Aided by exceptionally calm seas and low winds in the Drake Passage, we made landfall in the South Shetland Islands less than 36 hours after departing Ushuaia, Argentina. We spotted our first iceberg at 4:41 a.m., and by breakfast, the excitement for our first landing in Antarctica was radiating through the ship. 

We were so lucky to have unusually nice weather for these locations and were soon ashore on Robert Point, Robert Island, where a welcoming committee of molting elephant seals greeted us on the beach. Some guests hiked to the top of the ridge for dramatic views of ice, snow, and sea.  Both gentoo and chinstrap penguins nest here, as well as some of those living off the chaotic production of the penguin colonies—brown skuas and giant petrels. A small rookery of Antarctic shags (cormorants) dotted the seaward rocks. Lichens, mosses, hair grass, and prasiola (algae) made for a surprisingly colorful patchwork landscape amid the snow and rock.

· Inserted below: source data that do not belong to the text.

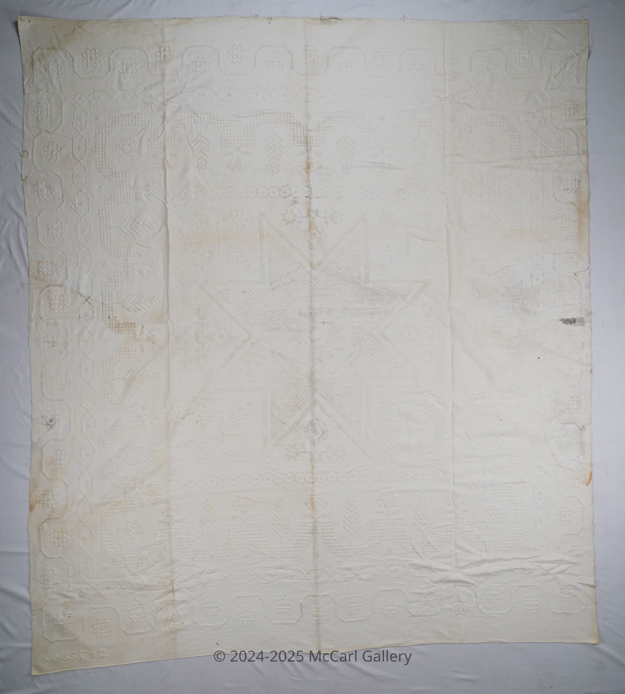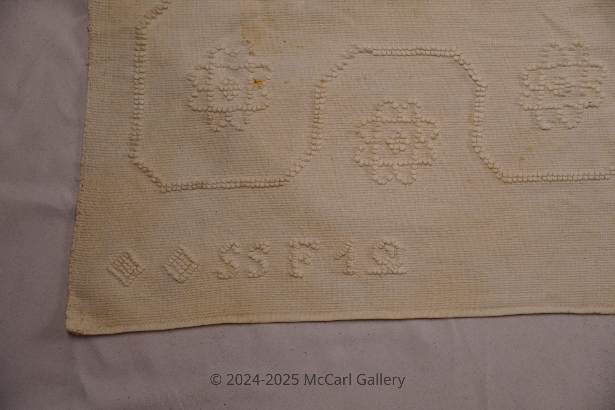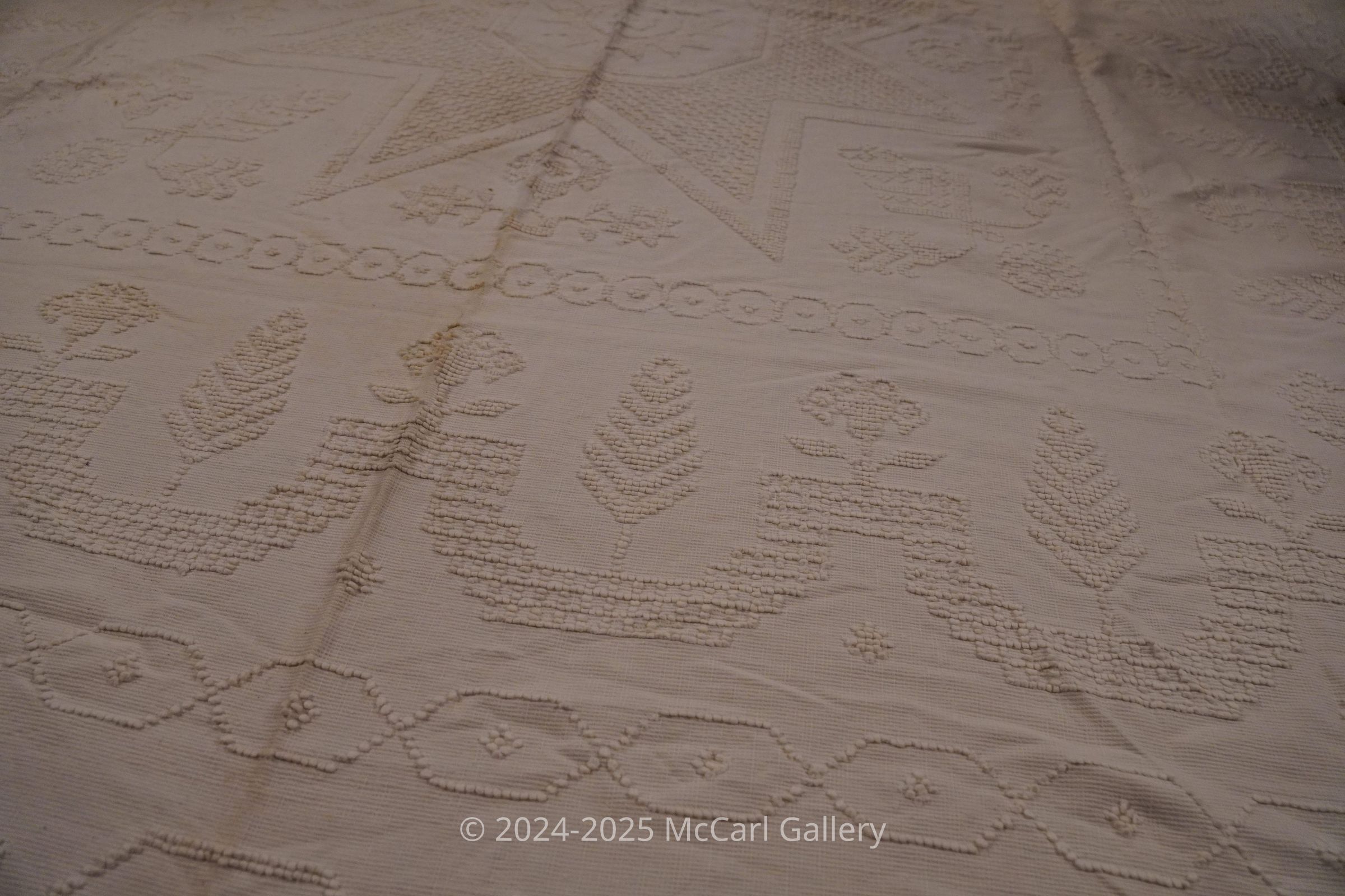 Natural figured weft loop coverlet; seamless. Border on four sides; no fringeCollection
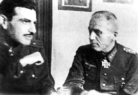 | Льву Копелеву, великолепно знавшему немецкий, на фронте нашлось применение в отделе пропаганды. С генералом фон Зейдлицем (комитет «Свободная Германия»), Валдай, 1943 год |
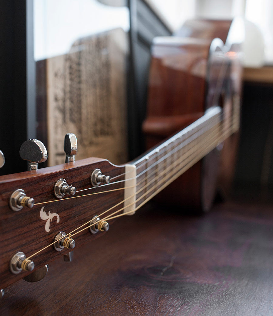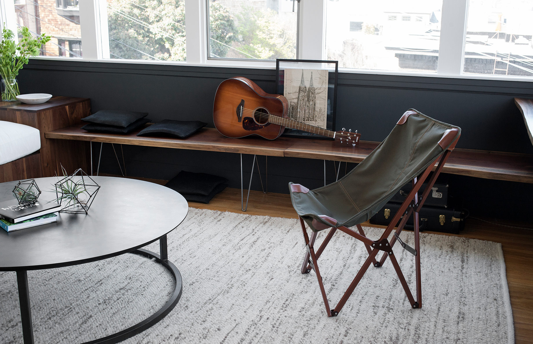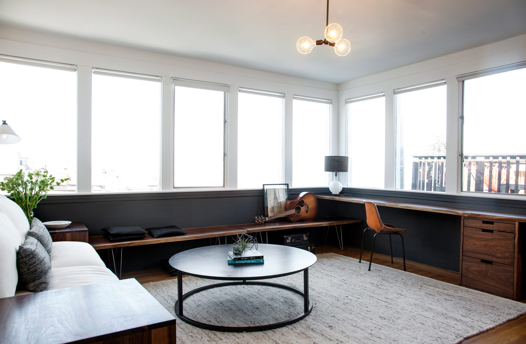 Design features a rich wood tone, U-shaped built in sofa, bench, and liveedge desk wrapping the perimeter of the space, providing function yet maximizing the view out the simply dressed windows.

We took a short cruise over to Half Moon Island during lunch, landing on the pebble beaches of the island for either a long hike up the ridge and around the western shore or a direct walk to a chinstrap penguin colony. Those on the hike had exceptional views of the 3,000-foot mountains and tumbling ice of Livingston Island as well as Weddell seals and an aging blue whale jawbone on the southern beach. Chinstrap chicks were well along in their growth rush to fledging size and, like adolescents everywhere, were preoccupied with begging their parents for more food and just a little bit of their own personal space. Come on, mom!

New and wonderful things weren’t limited just to the daytime. After dinner, we approached and transited the southern edge of iceberg A57a. A giant tabular berg as can only be seen in Antarctic waters, A57a is more than 12 miles long and 5 miles wide, and separated from the Filchner- Ronne Ice Shelf, 960 nautical miles away, in 2008. In dusky evening twilight, we headed toward the Weddell Sea, barely able to digest what we saw and excited for what’s to come.